Arsenic in Well Water by State: Where Is It Most Common?
Geographic Reference
Arsenic in Well Water by State: Where Is It Most Common?
Arsenic concentrations in groundwater vary dramatically across the US, driven by local bedrock geology rather than pollution. Here is the state-by-state breakdown of where arsenic is highest, what the current standards are, and how to find out your specific risk. For background on health effects, sources, and treatment, start with our complete guide to arsenic in well water.
TL;DR
Arsenic in well water is most common in New England (especially New Hampshire and Maine), the Upper Midwest (Michigan, Minnesota, Wisconsin), the Southwest (Arizona, Nevada, New Mexico, parts of California), and the Northern Great Plains (the Dakotas). The contamination is geological, not industrial: arsenic naturally weathers out of bedrock and volcanic deposits into groundwater. The EPA Maximum Contaminant Level is 10 parts per billion (ppb), but New Jersey and New Hampshire have set a stricter 5 ppb standard.
- ~13% of US public water supplies using groundwater exceed 5 ppb arsenic (USGS NAWQA estimate)
- Private wells are not regulated by the EPA. The only way to know your level is to test your water.
- Treatment is the same regardless of state: a whole-house arsenic removal system using arsenic-selective ion exchange resin handles any concentration encountered in residential wells
- Use the state risk lookup below to see typical arsenic risk for your state and the recommended next step
Aidan Walsh, Mid Atlantic Water: "I get calls from homeowners who just read a news story about arsenic in their state and are panicking. The right move is not to panic, it is to test your specific well. Two homes on the same road can have wildly different arsenic levels because the contamination is tied to the bedrock fracture pattern at your wellhead. State maps tell you the risk profile. Only a lab test tells you your number."
What This Guide Covers
US Arsenic Risk Map (By Region)
Based on the U.S. Geological Survey National Water-Quality Assessment (NAWQA) program, which has analyzed arsenic in tens of thousands of groundwater samples nationwide, here is how the country breaks down. Risk reflects the percentage of wells in each region that exceed the EPA MCL of 10 ppb. Local geology can make any single well an outlier in either direction.
New England
NH, ME, eastern MA, VT. Granite and mica schist bedrock. Some towns have over 20% of wells exceeding 10 ppb.
Southwest
AZ, NV, NM, parts of CA, UT. Volcanic geology and irrigation return flows.
Upper Midwest
MI (Lower Peninsula, especially the Thumb), WI (Fox River Valley), MN. Glacial deposits release arsenic into shallow aquifers.
Northern Great Plains
SD, ND, parts of NE, MT. Sedimentary bedrock and Pierre shale aquifers.
Pacific Northwest
OR, WA, ID. Volcanic geology in eastern OR/WA and Snake River Plain in ID.
Texas / Oklahoma
Ogallala Aquifer and parts of central TX show elevated arsenic in some areas.
Mid-Atlantic / NY
Pockets of elevated arsenic, especially in NY's southern tier and parts of NJ. Most of the region is lower risk.
Southeast
Most of the Southeast (FL, GA, AL, MS, SC, NC, TN, KY) shows lower arsenic in groundwater overall, though local hotspots exist.

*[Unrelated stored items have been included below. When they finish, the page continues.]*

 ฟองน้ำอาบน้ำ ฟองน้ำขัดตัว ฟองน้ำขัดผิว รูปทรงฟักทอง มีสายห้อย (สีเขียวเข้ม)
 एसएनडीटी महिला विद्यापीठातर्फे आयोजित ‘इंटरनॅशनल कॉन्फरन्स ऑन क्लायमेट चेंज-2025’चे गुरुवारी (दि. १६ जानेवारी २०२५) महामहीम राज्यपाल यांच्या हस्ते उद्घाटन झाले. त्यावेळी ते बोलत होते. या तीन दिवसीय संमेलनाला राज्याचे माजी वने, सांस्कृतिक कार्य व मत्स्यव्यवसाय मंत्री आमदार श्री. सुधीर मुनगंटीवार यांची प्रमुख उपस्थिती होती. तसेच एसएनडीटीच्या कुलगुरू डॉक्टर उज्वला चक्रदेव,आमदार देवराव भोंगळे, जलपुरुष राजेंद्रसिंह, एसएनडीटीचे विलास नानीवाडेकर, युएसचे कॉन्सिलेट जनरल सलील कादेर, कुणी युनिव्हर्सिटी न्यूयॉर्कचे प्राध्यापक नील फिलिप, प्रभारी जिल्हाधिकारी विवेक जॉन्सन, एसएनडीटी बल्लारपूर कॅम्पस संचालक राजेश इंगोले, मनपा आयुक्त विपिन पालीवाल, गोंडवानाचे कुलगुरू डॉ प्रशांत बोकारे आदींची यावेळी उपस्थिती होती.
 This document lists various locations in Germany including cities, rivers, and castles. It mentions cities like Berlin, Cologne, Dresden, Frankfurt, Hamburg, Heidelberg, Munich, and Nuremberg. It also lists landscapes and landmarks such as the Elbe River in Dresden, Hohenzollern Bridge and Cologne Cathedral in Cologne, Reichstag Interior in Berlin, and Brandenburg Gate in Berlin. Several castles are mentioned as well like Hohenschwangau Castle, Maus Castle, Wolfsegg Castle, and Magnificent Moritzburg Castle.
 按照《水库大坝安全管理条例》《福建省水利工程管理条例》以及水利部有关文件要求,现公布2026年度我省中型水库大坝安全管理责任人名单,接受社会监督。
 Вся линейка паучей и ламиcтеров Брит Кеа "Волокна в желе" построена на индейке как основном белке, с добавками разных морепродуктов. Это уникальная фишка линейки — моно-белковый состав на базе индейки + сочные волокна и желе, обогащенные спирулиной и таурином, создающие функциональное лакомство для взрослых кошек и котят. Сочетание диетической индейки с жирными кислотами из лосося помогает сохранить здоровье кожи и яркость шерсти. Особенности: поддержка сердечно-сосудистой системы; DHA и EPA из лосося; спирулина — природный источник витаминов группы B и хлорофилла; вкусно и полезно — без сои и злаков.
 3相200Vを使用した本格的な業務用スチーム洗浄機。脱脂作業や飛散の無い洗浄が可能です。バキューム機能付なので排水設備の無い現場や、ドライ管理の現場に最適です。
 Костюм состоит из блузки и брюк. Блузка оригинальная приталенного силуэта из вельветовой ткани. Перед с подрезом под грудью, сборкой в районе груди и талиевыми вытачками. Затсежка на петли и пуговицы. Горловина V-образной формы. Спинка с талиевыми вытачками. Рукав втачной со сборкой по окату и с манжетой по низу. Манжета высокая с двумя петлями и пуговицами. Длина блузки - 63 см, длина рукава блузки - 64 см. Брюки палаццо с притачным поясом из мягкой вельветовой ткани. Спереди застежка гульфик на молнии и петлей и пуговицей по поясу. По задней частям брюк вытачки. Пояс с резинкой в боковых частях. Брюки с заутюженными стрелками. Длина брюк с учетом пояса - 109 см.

Why Arsenic in Groundwater Is Geographic
Arsenic in well water almost never comes from pollution. It is a naturally occurring element found in the earth's crust, and it dissolves into groundwater through weathering of the bedrock and sediment that water passes through.

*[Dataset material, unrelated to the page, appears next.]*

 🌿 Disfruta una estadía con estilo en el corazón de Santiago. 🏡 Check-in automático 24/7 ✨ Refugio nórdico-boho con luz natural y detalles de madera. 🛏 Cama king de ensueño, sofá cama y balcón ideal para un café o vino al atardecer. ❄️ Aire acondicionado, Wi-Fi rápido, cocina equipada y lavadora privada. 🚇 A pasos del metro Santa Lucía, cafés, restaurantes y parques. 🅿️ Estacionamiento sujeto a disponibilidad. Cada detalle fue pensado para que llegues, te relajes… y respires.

Three geological settings produce most of the high-arsenic groundwater in the United States:
- Granite and metamorphic bedrock in New England (especially New Hampshire and Maine). The bedrock contains arsenic-bearing minerals that release into fracture-flow groundwater.
- Volcanic rock and ash deposits in the Southwest, Pacific Northwest, and parts of California. Arsenic leaches from volcanic glass and is concentrated by evaporation in arid climates.
- Glacial sediments and shale aquifers in the Upper Midwest and Northern Great Plains. Arsenic is bound to iron and sulfide minerals in the sediment and is released under reducing (low-oxygen) groundwater conditions.
Because the contamination is geological, it does not respect property lines. A well drilled into one fracture system may be clean while the neighbor's well two hundred feet away pulls from a different fracture and tests at 25 ppb. State and county risk maps are useful for understanding the general pattern, but the only number that matters is the one from your specific well.
For more on how arsenic gets into groundwater and the difference between As(III) and As(V), see our guide on how to read your well water test results.
Check Your State's Arsenic Risk
Select your state to see the typical arsenic risk profile, the state's regulatory limit, and the recommended next step. This is general guidance based on USGS and state health department data. Your specific well can vary.
Region-by-Region Breakdown
New England (High Risk)
New Hampshire and Maine have some of the highest documented arsenic concentrations in private well water in the United States. The cause is the granite and metamorphic bedrock that underlies most of the region. Arsenic-bearing minerals like arsenopyrite and pyrite weather slowly into fracture-flow groundwater, and because so many homes in NH and ME are on private bedrock wells, the population exposed is large.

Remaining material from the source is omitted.